• Problem requirements
Exactly as given, repeat all of the entries.

[Excerpts from a dataset]
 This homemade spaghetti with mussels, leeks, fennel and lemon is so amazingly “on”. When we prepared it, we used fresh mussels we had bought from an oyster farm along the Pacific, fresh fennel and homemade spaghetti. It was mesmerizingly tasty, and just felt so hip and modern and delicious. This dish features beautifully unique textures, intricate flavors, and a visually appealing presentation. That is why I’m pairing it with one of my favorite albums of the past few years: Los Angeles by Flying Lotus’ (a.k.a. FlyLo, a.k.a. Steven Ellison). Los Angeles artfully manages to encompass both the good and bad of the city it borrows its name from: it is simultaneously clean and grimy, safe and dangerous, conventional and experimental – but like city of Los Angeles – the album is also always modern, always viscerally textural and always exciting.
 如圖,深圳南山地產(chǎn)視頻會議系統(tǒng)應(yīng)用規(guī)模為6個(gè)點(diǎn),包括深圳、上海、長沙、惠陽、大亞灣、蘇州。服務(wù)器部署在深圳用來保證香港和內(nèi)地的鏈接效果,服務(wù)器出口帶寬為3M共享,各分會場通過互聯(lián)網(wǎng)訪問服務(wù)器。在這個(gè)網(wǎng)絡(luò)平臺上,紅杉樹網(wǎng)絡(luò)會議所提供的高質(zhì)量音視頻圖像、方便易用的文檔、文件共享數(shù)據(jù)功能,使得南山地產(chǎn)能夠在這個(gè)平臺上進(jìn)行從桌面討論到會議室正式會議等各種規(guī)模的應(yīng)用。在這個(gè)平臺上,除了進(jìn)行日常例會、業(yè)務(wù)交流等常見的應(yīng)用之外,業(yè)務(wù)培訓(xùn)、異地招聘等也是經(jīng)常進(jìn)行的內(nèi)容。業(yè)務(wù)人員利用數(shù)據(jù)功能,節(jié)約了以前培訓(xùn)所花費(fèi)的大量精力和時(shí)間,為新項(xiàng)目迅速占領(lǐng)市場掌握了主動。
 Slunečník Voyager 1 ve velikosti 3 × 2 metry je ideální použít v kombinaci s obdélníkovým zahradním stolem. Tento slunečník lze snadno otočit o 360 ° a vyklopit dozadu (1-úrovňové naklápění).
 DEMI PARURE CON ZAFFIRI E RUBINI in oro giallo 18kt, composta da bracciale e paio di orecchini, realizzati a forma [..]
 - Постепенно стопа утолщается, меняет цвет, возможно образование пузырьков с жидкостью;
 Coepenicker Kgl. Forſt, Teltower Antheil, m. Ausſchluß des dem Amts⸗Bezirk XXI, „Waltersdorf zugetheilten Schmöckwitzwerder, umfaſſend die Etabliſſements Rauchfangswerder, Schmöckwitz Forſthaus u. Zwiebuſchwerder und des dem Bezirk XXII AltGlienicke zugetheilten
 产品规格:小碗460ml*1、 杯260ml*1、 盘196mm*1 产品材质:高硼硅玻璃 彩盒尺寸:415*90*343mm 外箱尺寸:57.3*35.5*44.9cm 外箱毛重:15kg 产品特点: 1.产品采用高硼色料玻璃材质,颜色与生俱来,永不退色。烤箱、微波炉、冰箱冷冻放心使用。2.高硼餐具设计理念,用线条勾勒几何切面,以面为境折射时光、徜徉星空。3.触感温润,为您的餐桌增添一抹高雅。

• Response to this exercise
 This homemade spaghetti with mussels, leeks, fennel and lemon is so amazingly “on”. When we prepared it, we used fresh mussels we had bought from an oyster farm along the Pacific, fresh fennel and homemade spaghetti. It was mesmerizingly tasty, and just felt so hip and modern and delicious. This dish features beautifully unique textures, intricate flavors, and a visually appealing presentation. That is why I’m pairing it with one of my favorite albums of the past few years: Los Angeles by Flying Lotus’ (a.k.a. FlyLo, a.k.a. Steven Ellison). Los Angeles artfully manages to encompass both the good and bad of the city it borrows its name from: it is simultaneously clean and grimy, safe and dangerous, conventional and experimental – but like city of Los Angeles – the album is also always modern, always viscerally textural and always exciting.
 如圖,深圳南山地產(chǎn)視頻會議系統(tǒng)應(yīng)用規(guī)模為6個(gè)點(diǎn),包括深圳、上海、長沙、惠陽、大亞灣、蘇州。服務(wù)器部署在深圳用來保證香港和內(nèi)地的鏈接效果,服務(wù)器出口帶寬為3M共享,各分會場通過互聯(lián)網(wǎng)訪問服務(wù)器。在這個(gè)網(wǎng)絡(luò)平臺上,紅杉樹網(wǎng)絡(luò)會議所提供的高質(zhì)量音視頻圖像、方便易用的文檔、文件共享數(shù)據(jù)功能,使得南山地產(chǎn)能夠在這個(gè)平臺上進(jìn)行從桌面討論到會議室正式會議等各種規(guī)模的應(yīng)用。在這個(gè)平臺上,除了進(jìn)行日常例會、業(yè)務(wù)交流等常見的應(yīng)用之外,業(yè)務(wù)培訓(xùn)、異地招聘等也是經(jīng)常進(jìn)行的內(nèi)容。業(yè)務(wù)人員利用數(shù)據(jù)功能,節(jié)約了以前培訓(xùn)所花費(fèi)的大量精力和時(shí)間,為新項(xiàng)目迅速占領(lǐng)市場掌握了主動。
 Slunečník Voyager 1 ve velikosti 3 × 2 metry je ideální použít v kombinaci s obdélníkovým zahradním stolem. Tento slunečník lze snadno otočit o 360 ° a vyklopit dozadu (1-úrovňové naklápění).
 DEMI PARURE CON ZAFFIRI E RUBINI in oro giallo 18kt, composta da bracciale e paio di orecchini, realizzati a forma [..]
 - Постепенно стопа утолщается, меняет цвет, возможно образование пузырьков с жидкостью;
 Coepenicker Kgl. Forſt, Teltower Antheil, m. Ausſchluß des dem Amts⸗Bezirk XXI, „Waltersdorf zugetheilten Schmöckwitzwerder, umfaſſend die Etabliſſements Rauchfangswerder, Schmöckwitz Forſthaus u. Zwiebuſchwerder und des dem Bezirk XXII AltGlienicke zugetheilten
 产品规格:小碗460ml*1、 杯260ml*1、 盘196mm*1 产品材质:高硼硅玻璃 彩盒尺寸:415*90*343mm 外箱尺寸:57.3*35.5*44.9cm 外箱毛重:15kg 产品特点: 1.产品采用高硼色料玻璃材质,颜色与生俱来,永不退色。烤箱、微波炉、冰箱冷冻放心使用。2.高硼餐具设计理念,用线条勾勒几何切面,以面为境折射时光、徜徉星空。3.触感温润,为您的餐桌增添一抹高雅。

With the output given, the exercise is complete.